My good vibe started to falter, I said, " You got a plate carrier?"

He explained, "No I already had the carrier, but now I have a plate for it. "

And just like that I was dragged down off my cloud and into the foul, shitty reality that is our country. To quote the great band Len, he stole my sunshine.

He did not want to hear about my dirt jumping, but he did want to talk more about his plate armor. "I've been watching tons of youtube testing and haven't seen anything that can penetrate this brand."

I said, " Sounds like you're ready for combat, now all you need is a helmet." He said it's on the list.

I started working, I had wanted to spend the morning mentally replaying my time at the bike park. Thinking about the crew that was there, thinking about the tricks I was throwing. Instead, an image kept creeping into my head of a 30 year-old video game addict decked out in tactical gear with his mass-shooter basic starter kit. It's not fair. 

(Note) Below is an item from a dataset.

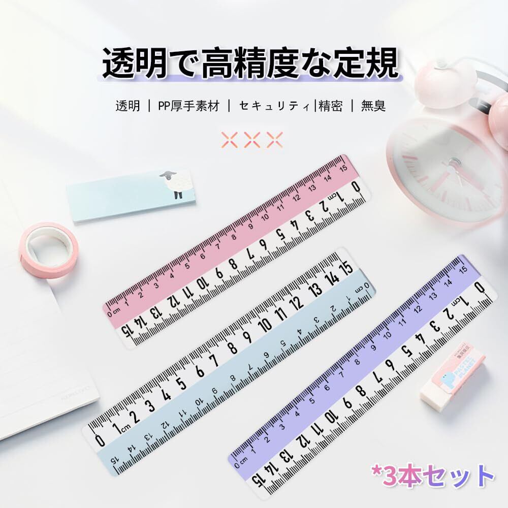 【数量限定】透明 ストレートルーラー 15cm 3個入り プラスチック定規 プラスチック 特大 クリアスケール多機能デザイン定規 高画質 測定ツール 描画テンプレート、定規、幾何尺 、測定ツール、小学生 子供 中学生 教師 絵画 文房具 (ブルー+ピンク+パープル)
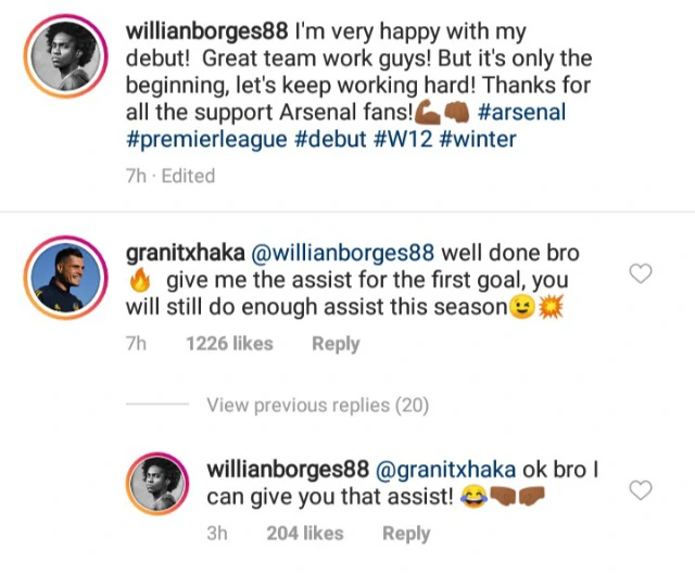 Lacazette reacts as Xhaka makes funny request from Willian - нσт9נα вℓσg ⏮ ▶ ⏯ ⏭

As the day went on, a question kept nagging at me, I was a little afraid of where it would go. The question hung there in my mind. I actually got the same feeling I do when there's a new jump or feature to try out. Something I haven't hit yet, but I want to, and like any stunt , it could go badly.

Finally I asked what I'd been wanting to know. " Let's say the day comes that you've been preparing for."

He nodded, I continued, " You put on your armor and load your guns, when you look down the barrel, Who are you aiming at?" 

He tried to cop out and said he never pictures anything specific but I called bullshit. I said, he has to imagine  something. In the video game he plays, I know he fights against scientists. I asked if he pictures shooting scientists.


He then said, "Honestly I imagine I will be fighting against the National Guard."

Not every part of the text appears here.